Aboujaoude Ramzi, Maloof Paul, Alvarez Manuel, Al Khan Abdulla
Department of Obstetrics, Gynecology and Women's Health, Hackensack University Medical Center, Hackensack, New Jersey, USA.
J Reprod Med. 2007 May;52(5):428-30.
Cervical incompetence can lead to the inability to sustain an intrauterine pregnancy and may account for a substantial portion of second-trimester losses. Placement of a transvaginal cerclage has been shown to decrease morbidity in a substantial number of such cases. In patients lacking sufficient cervical tissue, a cerclage may be placed by a transabdominal approach. This procedure carries risks of significant morbidity to the maternal-fetal unit if done by laparotomy.

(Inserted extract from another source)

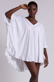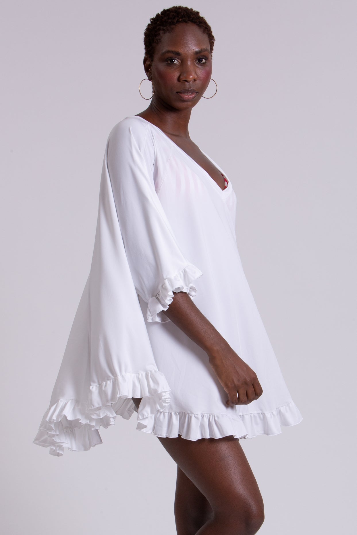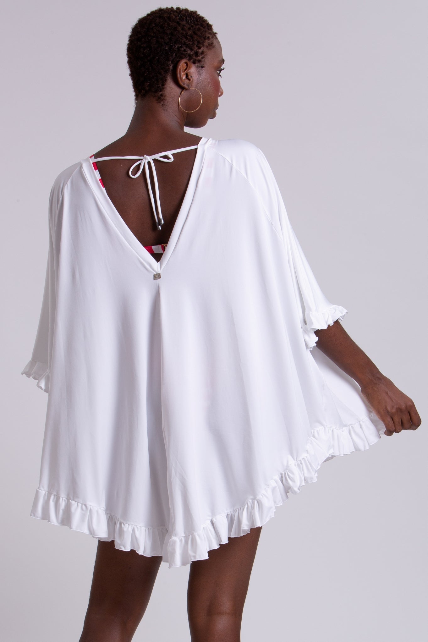 Bata decote em v , babado na manga e barra, detalhe de amarração atrás.

A 22-year-old gravida at 13 weeks' gestation with a past history significant for cervical incompetence and absence of cervical tissue underwent placement of an abdominal cerclage. We utilized laparoscopic operative techniques and employed hydrodissection to decrease manipulation and bleeding around the gravid uterus.
A laparoscopic approach to cerclage in patients diagnosed with cervical incompetence can be performed with minimal risks to the gravid uterus.
宫颈机能不全可导致无法维持宫内妊娠,可能是孕中期流产的重要原因。经阴道宫颈环扎术已被证明可在大量此类病例中降低发病率。对于宫颈组织不足的患者,可通过经腹途径进行宫颈环扎术。如果通过剖腹手术进行此操作,对母胎单位有显著发病风险。
一名22岁孕13周的孕妇,既往有宫颈机能不全且无宫颈组织的病史,接受了经腹宫颈环扎术。我们采用了腹腔镜手术技术并进行水分离术,以减少对妊娠子宫周围的操作和出血。
对于诊断为宫颈机能不全的患者,采用腹腔镜途径进行宫颈环扎术对妊娠子宫的风险最小。